* **About this task**: All lines below between the line with "クラシエskimmeヒートブ" and the line with "The document discusses", including both, must be copied exactly, and the pictures must be omitted.

---------- Supplied data ----------

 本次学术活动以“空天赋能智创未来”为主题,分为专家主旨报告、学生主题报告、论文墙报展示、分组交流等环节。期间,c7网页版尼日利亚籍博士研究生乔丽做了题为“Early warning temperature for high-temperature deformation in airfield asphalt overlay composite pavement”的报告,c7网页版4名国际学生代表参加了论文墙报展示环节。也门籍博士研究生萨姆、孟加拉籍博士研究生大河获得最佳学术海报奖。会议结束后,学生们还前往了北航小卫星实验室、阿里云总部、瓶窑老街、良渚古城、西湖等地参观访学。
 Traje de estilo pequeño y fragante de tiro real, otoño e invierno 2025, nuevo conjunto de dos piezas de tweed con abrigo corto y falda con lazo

----------
---------- Supplied data ----------

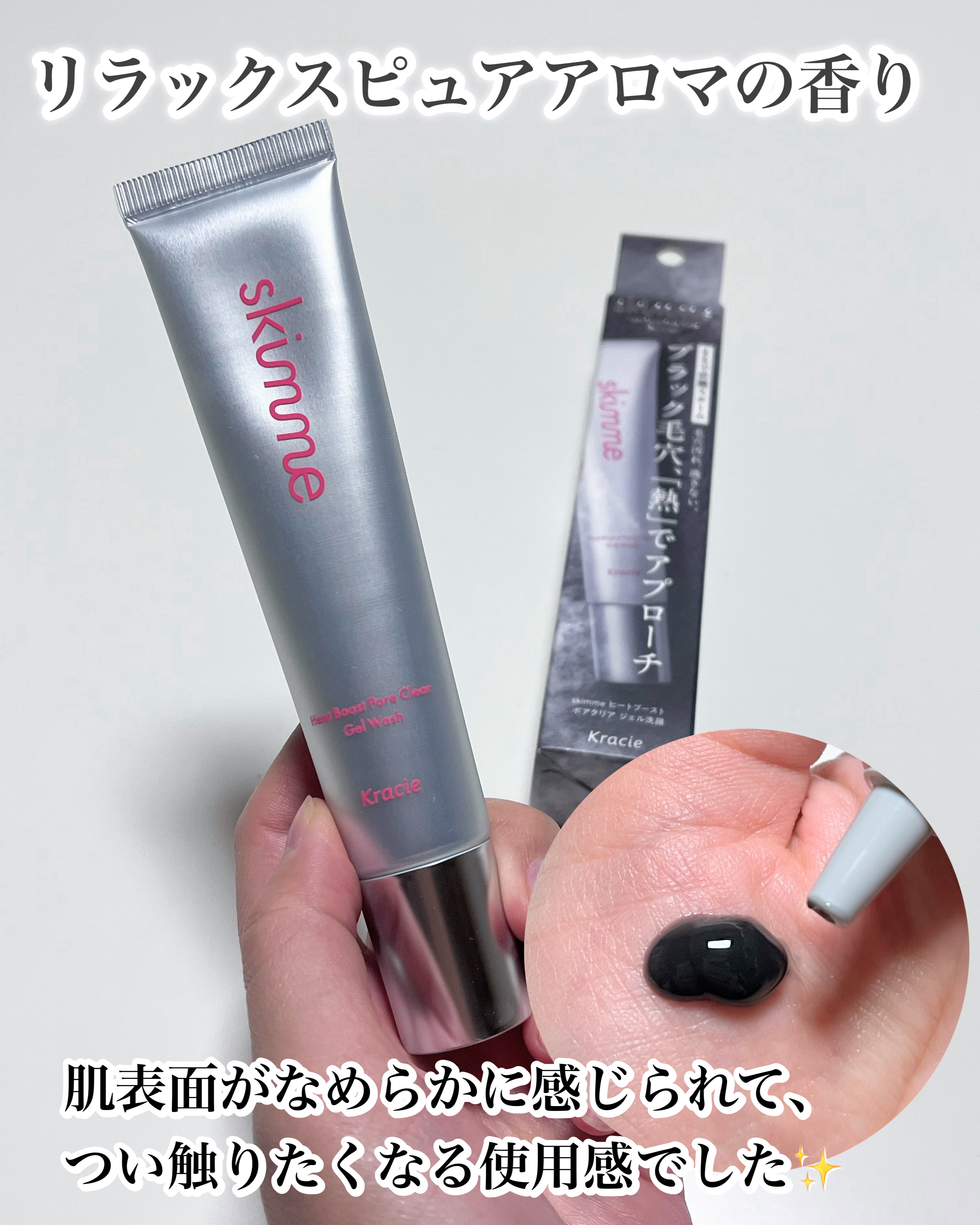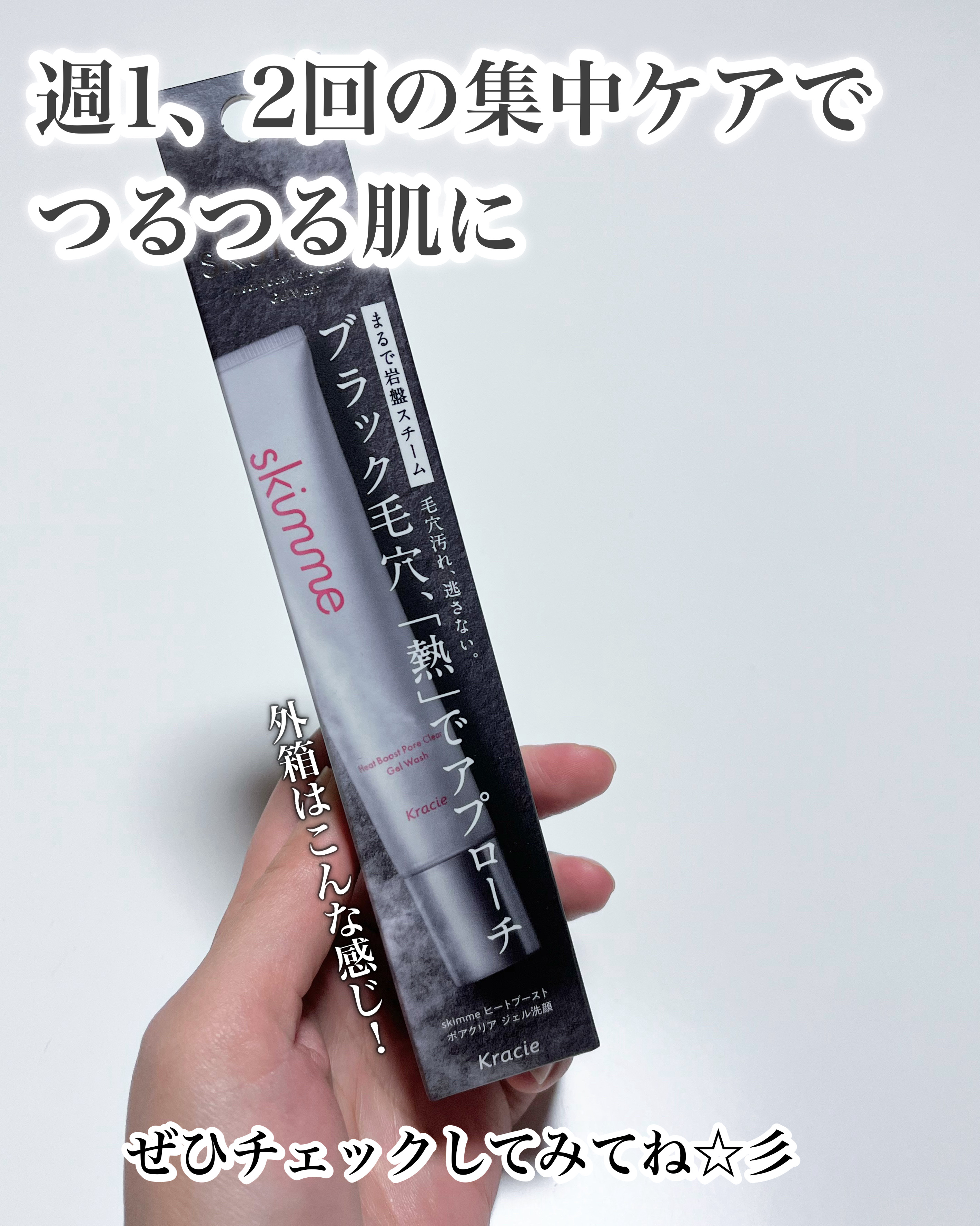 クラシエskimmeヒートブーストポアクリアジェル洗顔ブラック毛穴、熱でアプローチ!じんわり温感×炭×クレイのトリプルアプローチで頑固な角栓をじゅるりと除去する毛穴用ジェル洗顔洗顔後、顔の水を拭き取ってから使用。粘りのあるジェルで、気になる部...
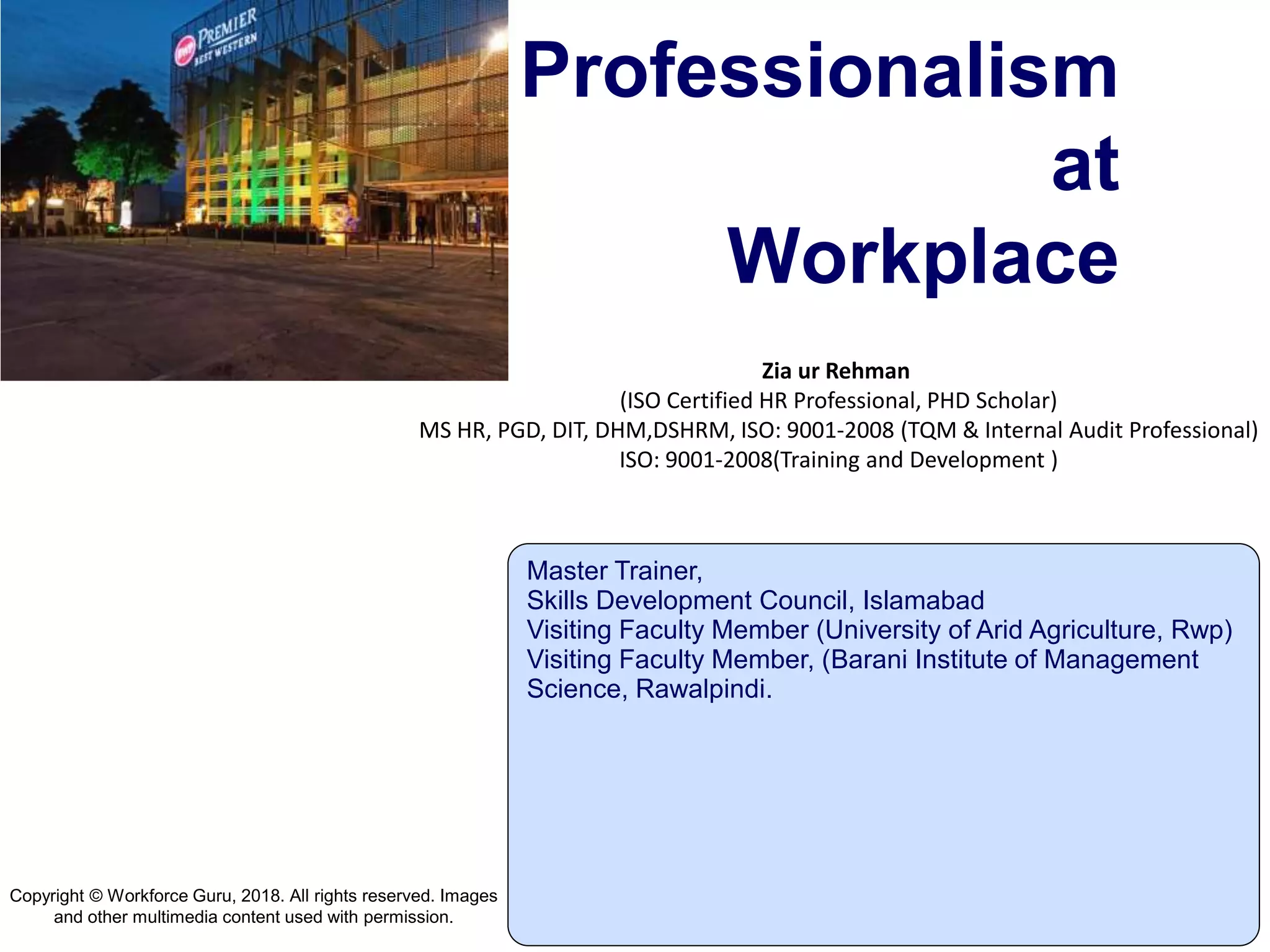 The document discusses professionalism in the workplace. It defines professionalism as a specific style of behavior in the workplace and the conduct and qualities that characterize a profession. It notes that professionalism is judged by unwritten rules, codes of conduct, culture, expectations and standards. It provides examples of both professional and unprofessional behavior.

----------
---------- Supplied data ----------

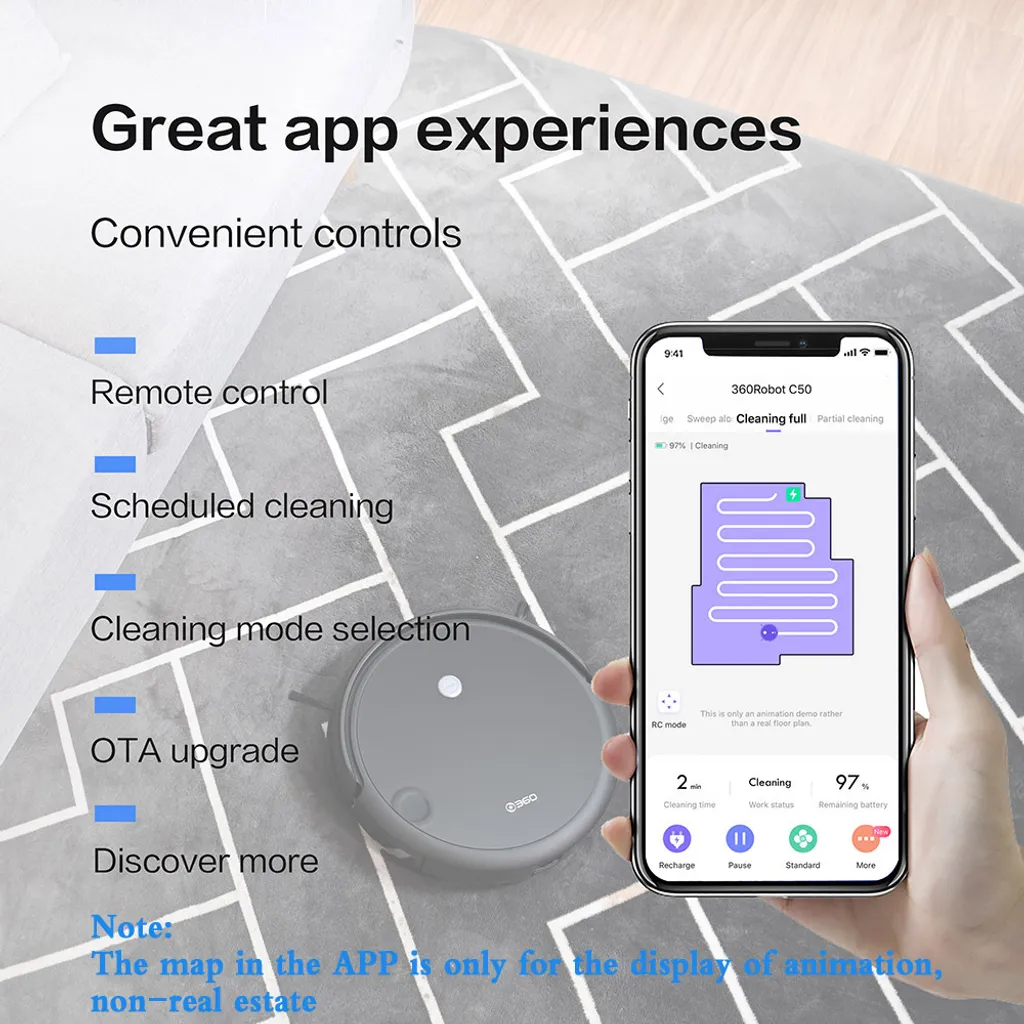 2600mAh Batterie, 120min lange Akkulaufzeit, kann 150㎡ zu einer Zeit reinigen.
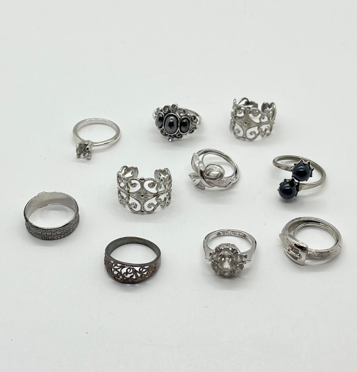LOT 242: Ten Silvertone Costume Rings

----------

* **Task output**:
 クラシエskimmeヒートブーストポアクリアジェル洗顔ブラック毛穴、熱でアプローチ!じんわり温感×炭×クレイのトリプルアプローチで頑固な角栓をじゅるりと除去する毛穴用ジェル洗顔洗顔後、顔の水を拭き取ってから使用。粘りのあるジェルで、気になる部...
 The document discusses professionalism in the workplace. It defines professionalism as a specific style of behavior in the workplace and the conduct and qualities that characterize a profession. It notes that professionalism is judged by unwritten rules, codes of conduct, culture, expectations and standards. It provides examples of both professional and unprofessional behavior.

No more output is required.